# ticks in hutch



## c&c babies (Apr 12, 2010)

My bunnies cage has alot of ticks in it i checked my bunnies for ticks, their fine and then i put them in their inside cage untill i figure out how to get all of the tickes out and prevent them from coming in does anyone have any idea of how to keep the ticks out of the cage and off of my bunnies thanks for your help!!


----------



## snap (Apr 12, 2010)

I'm pretty sure that if you use tick repellent/killer/etc around the cage, where animals can not reach at all, that should help.

Also, ask a vet. I think I've heard a bit about using cat tick repellent on rabbits((in smaller doses)), but obviously don't try it by yourself.


----------



## kirbyultra (Apr 13, 2010)

I don't know the answer to tick repellent solutions... but you are sure the ticks didn't get on the bunny? Especially around the face and neck.


----------



## Happi Bun (Apr 13, 2010)

Look to see if the ticks are engorged with blood. If I'm remembering correctly: Ticks will fall off once they have fed enough from their host. Also, the inside of the ears should to be checked along with any other hard to get- but accessible- places.


----------



## kirbyultra (Apr 13, 2010)

They might, they might not... 

Do you see or feelany pea-sized bumps on the buns? Could be a tick attached It is better to try to feel through the fur for bumps.

Happibun - good point looking into the ears... how scary


----------



## c&c babies (Apr 13, 2010)

i got them checked by the vet recently and i told him to check for ticks im going to try the tick treatment thing do you know if its safe to put on bunnies?


----------



## jcottonl02 (Apr 13, 2010)

The vet should have a safe rabbit tick/flea treatment, or should at least know of one to use, and can perhaps order it in. 
I've used mite-treatment on Benji once but I can't for the life of me remember the name, so I'm so sorry. 

Look VERY carefully for ticks. Some are SO easy to miss. They feel like slight bumps, allmosstt little scabs sometimes. Our dogs used to play in this bush in our garden that was just FULLLLL of darn ticks. My dad tore it down, so thankfully we don't have that problem anymore. Ticks live in especially dense, bushy areas, so try and keep the hutches away from areas like that.
Literally I would spend hours and hours picking perhaps THIRTY ticks off each dog, with a special tick-hook.
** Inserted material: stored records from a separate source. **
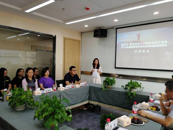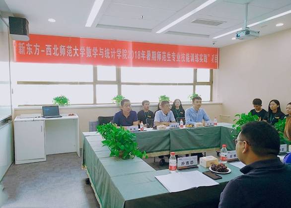 williamhill英国官网数学与统计公司党委副书记王玮,公司副经理刘建成,师范生专业技能精品培训班班主任王强,新东方兰州公司董事长孙吉芯,兰州公司董事长助理、优能中学部总监宋书珍,人力资源部总监朱丽华,POP少儿部总监高强和首批williamhill英国官网选拔参训的10名本科生,5名研究生参加了开营仪式。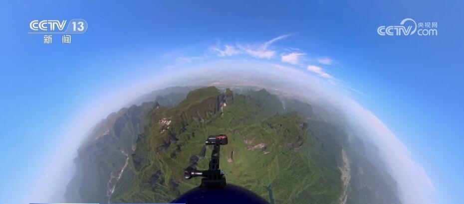 張家界天門洞上演翼裝飛行穿越表演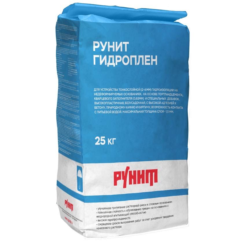 Гидроизоляция цементная РУНИТ Гидроплен — материал для устройства тонкослойной гидроизоляции на недеформируемых жестких основаниях. Состав имеет хорошую адгезию к бетону, кирпичу натуральному камню, не дает усадку, высоко пластичный. Сделан на основе портландцемента с наполнителями и функциональными добавками. Обеспечивает защиту от морской воды, грунтовых вод, агрессивной среды и газов; от карбонизации и антиобледенительных солей. Наносится на влажную поверхность в два слоя, с общей толщиной от 2-до 4 мм. Нанесение ручное или механизированное.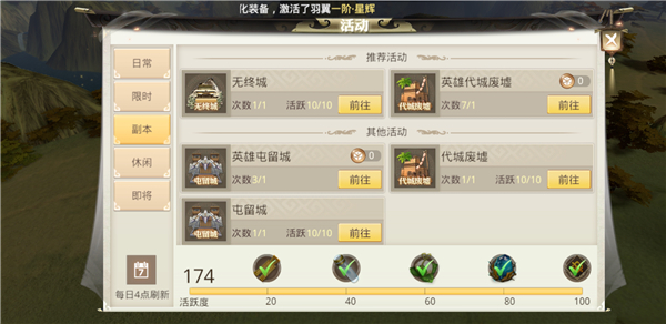 【次数有限 合理分配需求】 在掉落模式改版后,玩家可通过掷骰子比大小获得橙色装备。但是,每日的掷骰子次数是有限制的。每一个英雄副本每日只有两次掷骰子机会,每个副本的掷骰子机会不互通,当玩家通过掷骰子获得装备后将扣除一次。若掷骰子没有获得装备,将不会扣除次数。当日次数用完后,玩家可以继续进入该副本战斗,当这时再次掉落橙色装备,系统将自动默认玩家放弃掷点。所以,玩家要根据实际情况需求装备哦!此外,若玩家等级过高时,低级英雄副本的掷骰子次数将归零。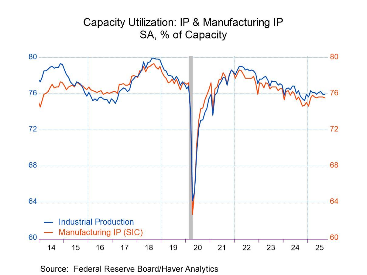 Total industry capacity utilization was unchanged at 75.9% in September. In the manufacturing sector, the utilization rate edged down to 75.5% from 75.6% in August.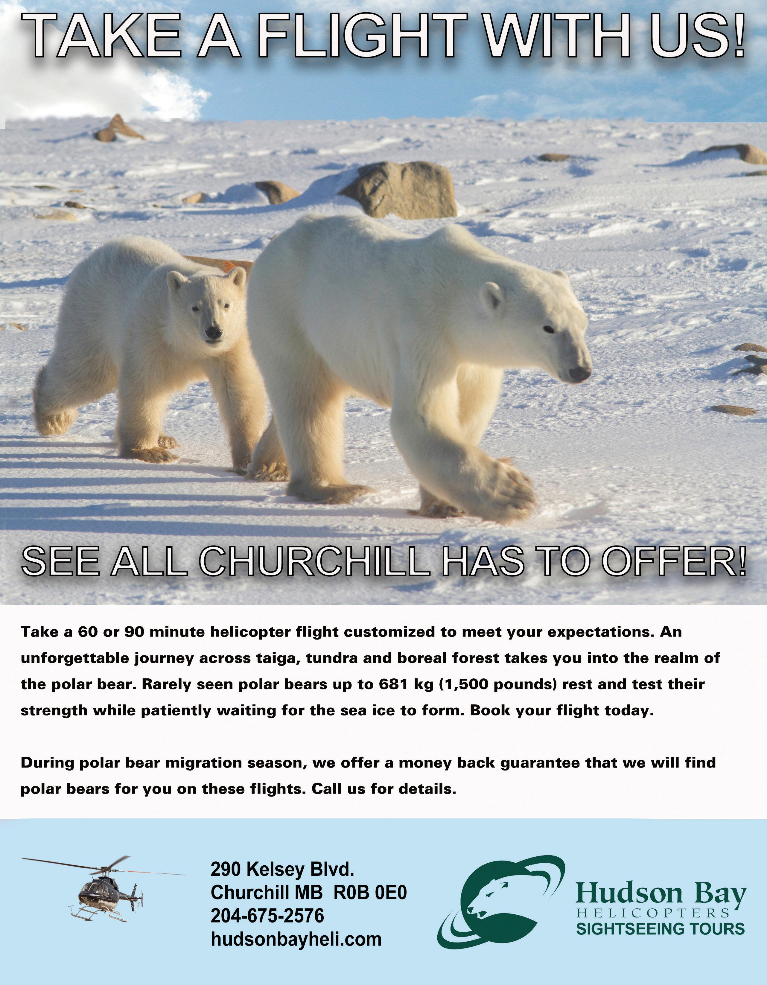 1. Churchill (page 34) est une destination de choix pour les amateurs de faune. Les ours polaires et les bélugas en sont les principales attractions, mais on peut aussi y voir des loups, des caribous, des orignaux, des renards roux, argentés et arctiques, des lièvres arctiques, des lagopèdes et des harfangs des neiges.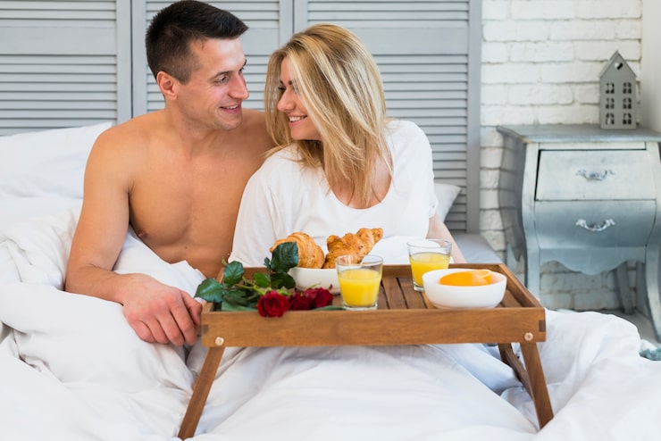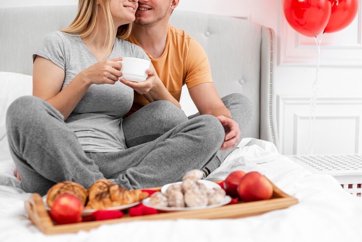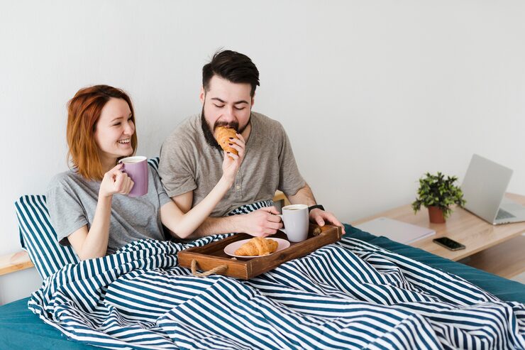 «Путь к сердцу мужчины лежит…». Это проверенная временем истина! И мы не будем отходить от традиции, а с самого утра начнем баловать любимого разнообразными угощениями. Не будем обращать внимание на сложные рецепты, такие как запеченное мясо или рыба под необычным соусом, ведь в интернете можно найти бесчисленное множество вариантов. Лучше сосредоточимся на красивом оформлении блюда. Даже обычная яичница будет выглядеть празднично, если приготовить ее в специальных формах. Нарежьте овощи и фрукты в форме сердечек. Вряд ли ваш любимый сможет устоять перед таким романтичным началом дня. (Надеемся, представители мужского пола тоже обратили внимание на эту статью, и 8 марта также порадуют своих партнерш).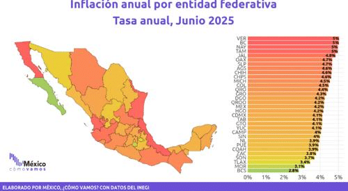 En la gráfica sobre la variación del INPC por estados y ciudades, el estado de Chihuahua no fue resaltado de forma especial.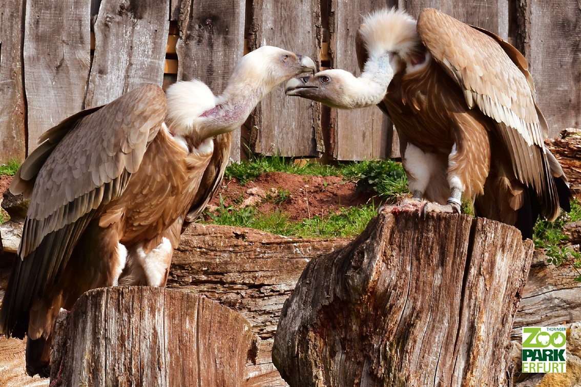 Gegenseitige Gefiederpflege ist angesagt. Wenn sich beide einig sind geht es an den Nestbau oder die Instandsetzung des alten Nestes. Dann folgen Eiablage und die Brut beginnt. Die Braut dauert zwischen 57 und 67 Tagen. Dann muss das Küken großgezogen, also immerfort gefüttert werden. Das braucht viel Zeit. Im Zoo gibt es aber immer Futter, was die Eltern dafür nutzen können. Das Küken wird mindestens 110 Tage lang gefüttert, aber auch 20 Tage mehr sind möglich. Es gibt also immer was zu tun für unsere Geier.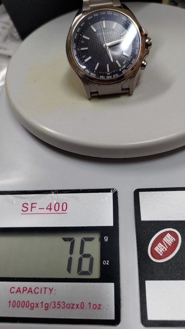 的大三針判讀容易,時標跟指針晚上都有夜光,藍寶石鏡面無傷,5局電波對時正常,萬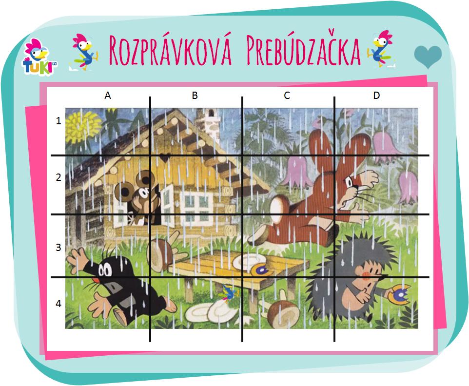 Dobré ránko 🙂 Prebúdzačka za 2 #srdiecka pre bystré oči nechýba ani dnes 💙Kohútik Ťuki s kamarátmi z rozprávky Krtko sa snažia skryť pred dažďom 🙂Podarí sa vám nájsť Ťukiho? 😉
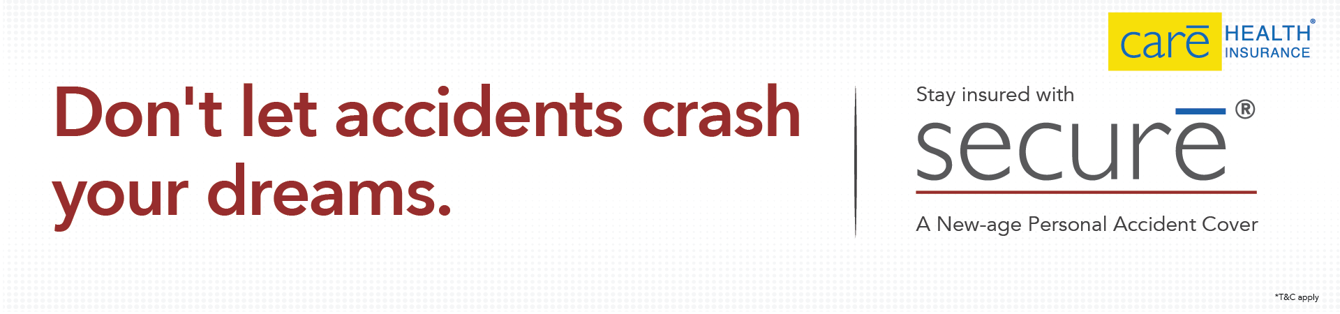 ^Other Plans/Sum Insured are also available. ** Considering 200% of SI payable in case of Accidental Death due to Common carrier mishap (Optional cover). *** Optional Cover is available on payment of additional premium. Benefits might vary as per the plan chosen. * Considering 100% of SI payable each in case of Permanent Total Disability (PTD), PTD improvement (Optional cover - Coverage amount is equivalent to base Sum Insured) and Common carrier mishap cover (Optional cover).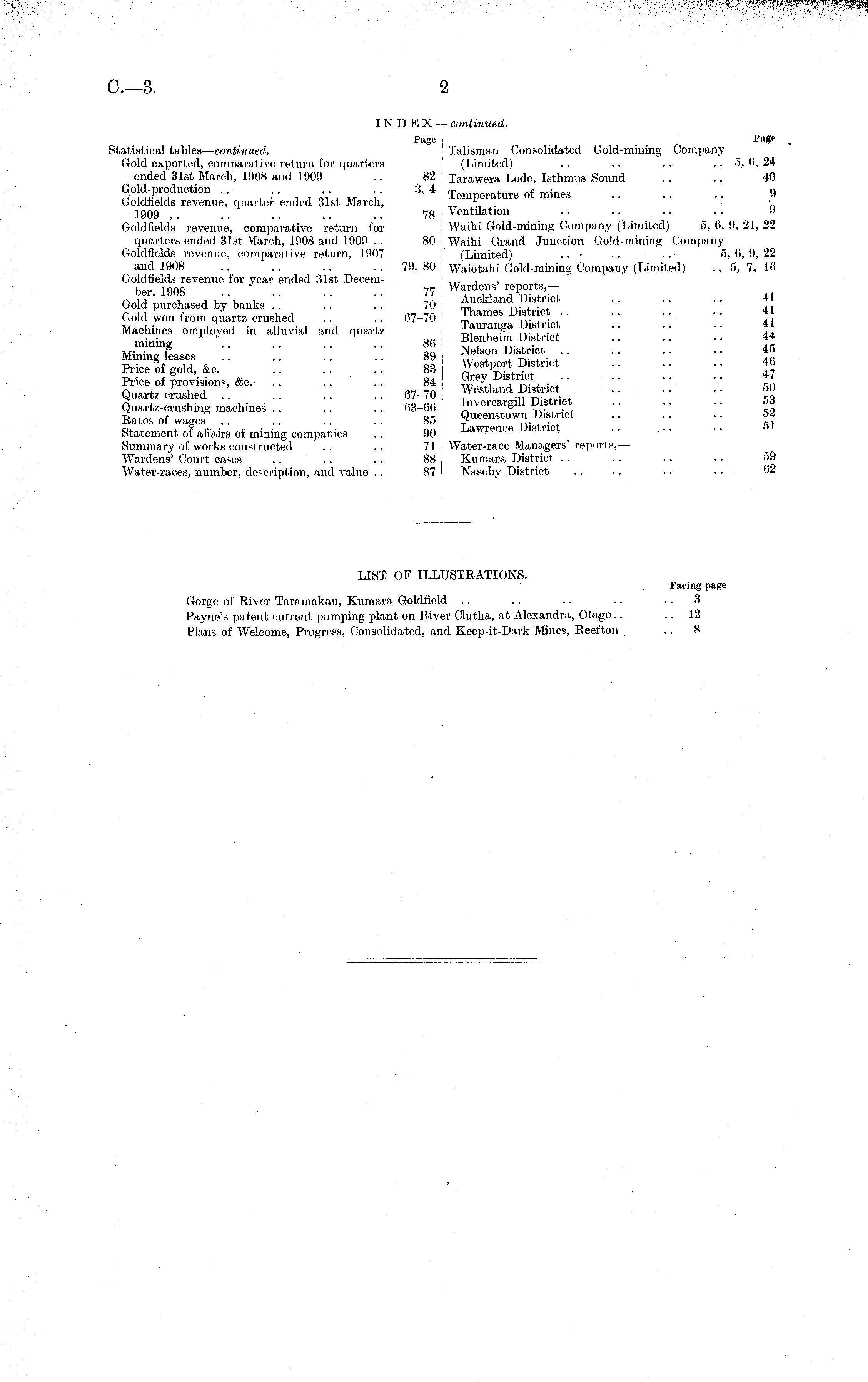 LIST OF ILLUSTRATIONS. Facing page Gorge of River Taramakau, Kumara Goldfield .. .. .. .. .. 3 Payne's patent current pumping plant on River Clutha, at Alexandra, Otago.. .. 12 Plans of Welcome, Progress, Consolidated, and Keep-it-Dark Mines, Reefton .. 8

Needless to say, we started Prac-ticking them immediately, and since then they haven't had any. But they are SO easy to miss, especially the small ones. And by god the big ones are just foul and disgusting...some the size of a piece of sweetcorn (shudders).
Check their neck, ears, armpits (if you call rabbit's underarms that LOL!), crook of the hip, feet, and any other little nooks and crannies. 

Disinfect your entire hutch. Clean with good, harsh (but obviously rabbit-safe) stuff, and leave to dry. I would then disinfect again, REALLY getting into those corners, and letting it seep everywhere.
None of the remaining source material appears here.